Finding Eigenvalues and determine if there are invariant lines

[Luscinia]

Homework Statement

Find the eigen values of the following mapping and determine if there are invariant lines.

(2 -4)
(-3 3) is the mapping.

Homework Equations

det (L-λI)=0

The Attempt at a Solution

L-λI=
(2-λ -4)
(-3 3-λ)

det(L-λI)=0=ac-bd=(3-λ)(2-λ)-12
.: (3-λ)(2-λ)=12
6-3λ-2λ+λ² -12=0
λ²-5λ-6=0
λ=-6 and 1

but the answer is supposed to be -1 and 6.
Also, since there are 2 eigenvalues, I'm guessing that means that there are 2 invariant lines. How do we find these 2 invariant lines?

 

[Robert1986]

Homework Statement

Find the eigen values of the following mapping and determine if there are invariant lines.

(2 -4)
(-3 3) is the mapping.

Homework Equations

det (L-λI)=0

The Attempt at a Solution

L-λI=
(2-λ -4)
(-3 3-λ)

det(L-λI)=0=ac-bd=(3-λ)(2-λ)-12
.: (3-λ)(2-λ)=12
6-3λ-2λ+λ² -12=0
λ²-5λ-6=0
λ=-6 and 1

but the answer is supposed to be -1 and 6.
Also, since there are 2 eigenvalues, I'm guessing that means that there are 2 invariant lines. How do we find these 2 invariant lines?
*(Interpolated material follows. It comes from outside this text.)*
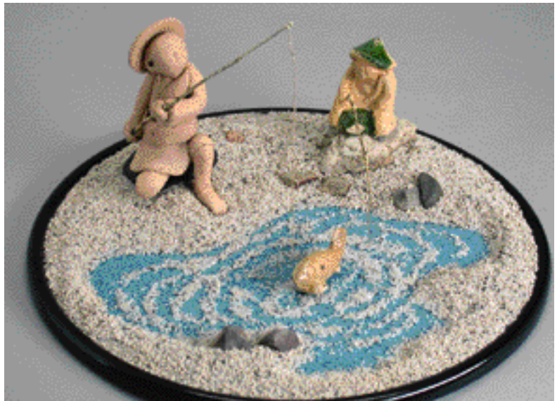
太公望の人形と盆景

ますと、竿には釣り糸が必要です。置くべき場所には川沼・池、石や岩といった情景がいりますし、水中には魚も必要です。そうしてできあがったのが、丸盆にセットした写真です。ミニチュアの土人形を使った、一種の盆景ですが、江戸時代のお公家さんやお姫さんの遊びの一つになっていたのではないのでしょうか。床や棚の飾りとしても使えそうです。

Now, [itex]\lambda^2 -5\lambda -6 =0[/itex] looks like the right equation. Now, you need to solve for [itex]\lambda[/itex]. YOu can do this one of two (or both) ways: factor or use the quadratic formula. Using what you wrote would imply that [itex](\lambda - (-6))(\lambda - 1)=\lambda^2 - 5\lambda -6[/itex], but this isn't true. Remember, in factorisation, the factors are of the form [itex](\lambda - a)[/itex] where [itex]a[/itex] is the root.

 

[HallsofIvy]

Homework Statement

Find the eigen values of the following mapping and determine if there are invariant lines.

Well, first, eigenvalues are numbers not lines so this is not true. I expect that you mean that the lines in the direction of the eigenvectors are invariant.

(2 -4)
(-3 3) is the mapping.

Homework Equations

det (L-λI)=0

The Attempt at a Solution

L-λI=
(2-λ -4)
(-3 3-λ)

det(L-λI)=0=ac-bd=(3-λ)(2-λ)-12
.: (3-λ)(2-λ)=12
6-3λ-2λ+λ² -12=0
λ²-5λ-6=0
λ=-6 and 1

but the answer is supposed to be -1 and 6.
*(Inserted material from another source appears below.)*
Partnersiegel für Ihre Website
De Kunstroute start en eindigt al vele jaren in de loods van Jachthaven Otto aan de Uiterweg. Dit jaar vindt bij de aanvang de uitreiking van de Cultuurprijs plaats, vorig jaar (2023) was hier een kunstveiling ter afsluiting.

Yes, that's because -6 and 1 are incorrect. [itex](-6)^2- 5(-6)- 6= 36+ 30- 6= 60[/itex], not 0. And [itex](1)^2- 5(1)- 6= 1- 5- 6= -10[/itex], not 0. How did you get -6 and 1?

Also, since there are 2 eigenvalues, I'm guessing that means that there are 2 invariant lines. How do we find these 2 invariant lines?

No reason to guess. Distinct eigenvalues correspond to independent eigenvectors and those give the two lines. Do you understand the definition of "eigenvalue"?

A number [itex]\lambda[/itex] is an eigenvalue of an operator, T, if and only if there exist a non-zero vector, v, such that [itex]Tv= \lambda v[/itex]. Saying that -1 is an eigenvalue means there is a vector
[tex]\begin{bmatrix}x \\ y \end{bmatrix}[/tex]
so that
[tex]\begin{bmatrix}2 & -4 \\ -3 & 3\end{bmatrix}\begin{bmatrix}x \\ y\end{bmatrix}= \begin{bmatrix}-x \\ -y\end{bmatrix}[/tex]

Multiplying on the left will give two equations for x and y. Of course x= y= 0 is a solution so there will be a non-zero solution only if those two equations are dependent and, in that case, there will be an infinite number of solutions- all vectors pointing in the same direction and so defining a line.